Great question, Petya. Not only do I like the vagueness of your question, but also its form. You don’t ask what home IS, but what it’s LIKE. For me, the associations I make with “home” are almost all sensual. Smells. Sounds. Touches and tastes. So, I’ll start with those…
[Olfactory answer] Home is like… the smell(s) of barbecue, fabric softener, talcum powder, fresh-cut grass, hot biscuits, wood-burning stoves, fair food stands, frying bacon and piles of raked leaves.
[Aural answer] Home is like… a pedal steel guitar, a church choir, a football stadium cheer, “Rocky Top,” a horn section, a B3 Hammond, Delta blues, Stax, Sun, a banjo, a train whistle, the ringing and dinging of a fair midway, a Southern drawl, the words “y’all” and “fixin’,” what Isaac Hayes used to call “hot-buttered love songs,” the “amen” of a congregation, clinking beer bottles in a bar and a well-stocked jukebox.
[Tactile answer] Home is like… sweltering humidity, oppressive heat, the bracing chill of walking into a buiding with AC when you’re covered in sweat, barbecue sauce or grease on your fingers, bare feet in Bermuda grass, the stitches on a beat-up football, an afghan crocheted by my grandmother, mosquito bites, the exact amount of breeze that you can get on a front-porch swing, the furry ears of a good ol’ dog and the vibrating handle of a gas-powered lawn mower.

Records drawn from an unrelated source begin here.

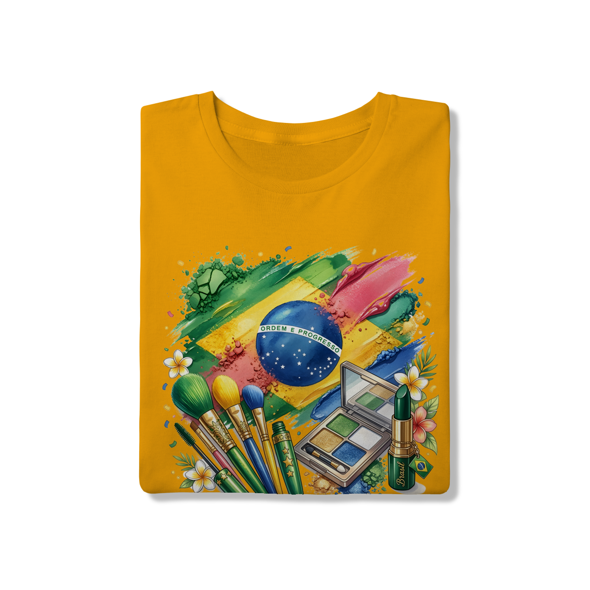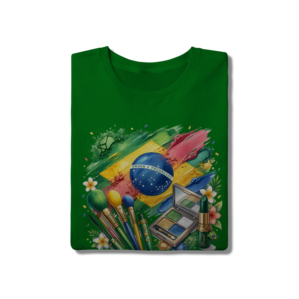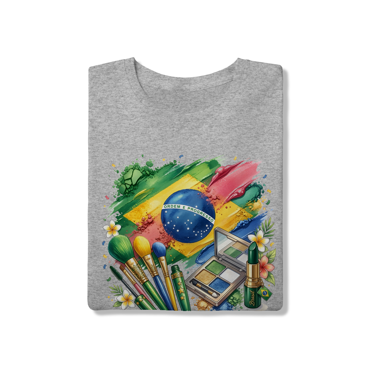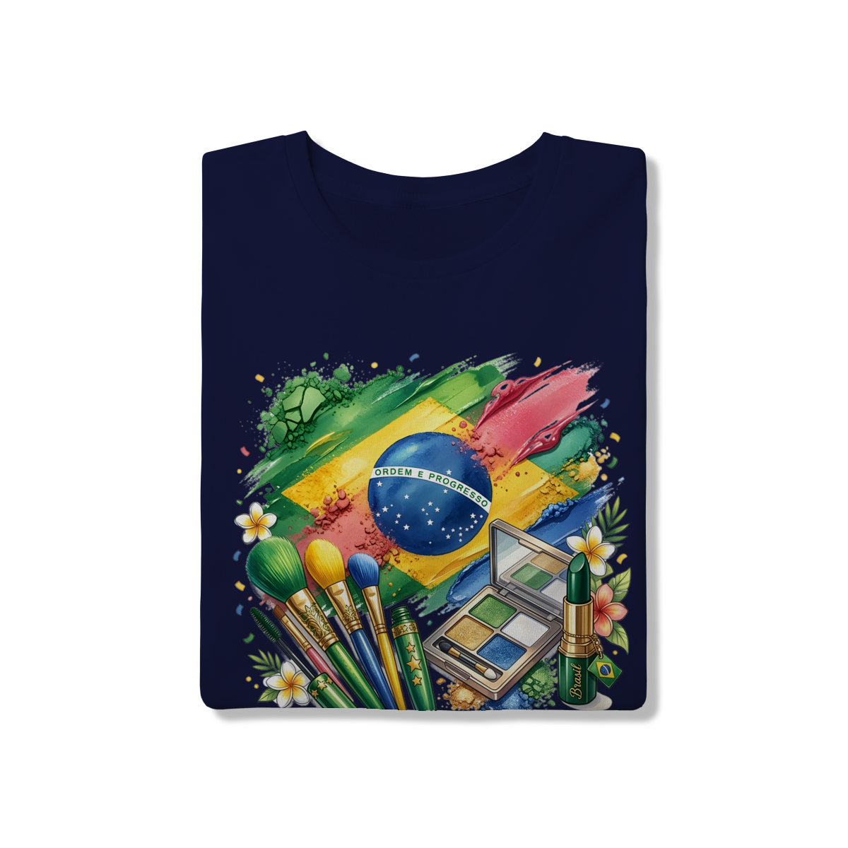 Esta peça exclusiva traz uma estampa artística vibrante, onde pincéis de maquiagem, uma paleta de sombras e batons se misturam às cores da bandeira do Brasil em um estilo aquarelado. No centro, o globo com o lema "Ordem e Progresso" ganha destaque entre texturas que remetem a pós e pigmentos de beleza. É a escolha ideal para torcedoras que não abrem mão do estilo e da feminilidade na hora de vibrar pela seleção.
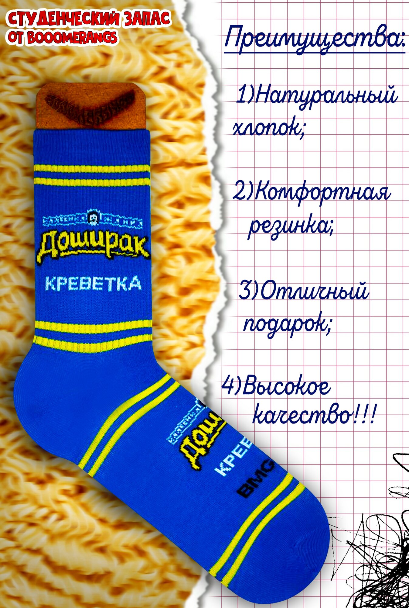 Синие носки с веселым принтом Доширак креветка мечта студента прикольный подарок от BMGBRAND
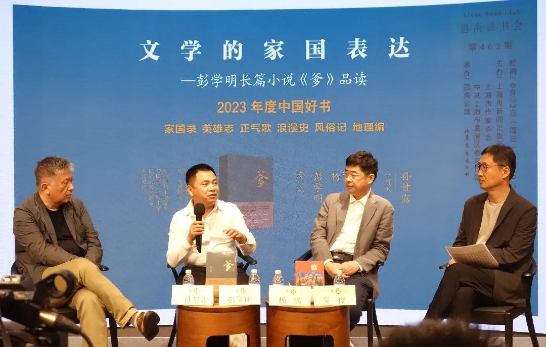 6月23日晚,中國作協(xié)創(chuàng)聯(lián)部主任、小說家彭學明從北京遠道而來,與上海交通大學教授、文學評論家、學者吳俊,上海作協(xié)副主席、文學評論家、學者楊揚共同做客第463期思南讀書會,在夏夜里帶領讀者們品讀他的新作——《爹》。上海作協(xié)副主席、作家孫甘露主持本次讀書會。

[Gustatory answer] Home is like… barbecue (of course), anything overly buttered and/or deep-friend, gravy, pickled okra, homemade blackberry preserves from a mason jar, a Coke out of a real (and real cold) bottle, biscuits, oh-so-salty country ham, green jello “salad,” any kind of cassarole, sweet tea, meats-and-threes plates, fair food, pie, Budweiser, Jack Daniels, a hot toddy, cornbread and greens with lots and lots of vinegar.
I had every intention of trying to answer this question abstractly, but I came to discover that “home” is very hard to describe apart from my home. That is, I think home is a lot more than the place you hang your hat. For example, I could never, ever associate “scrapple” with “home,” no matter how long I lived in the Mid-Atlantic states.
Thanks for the question, Petya. And we’re off!
Beautiful! Thanks so much, Leigh.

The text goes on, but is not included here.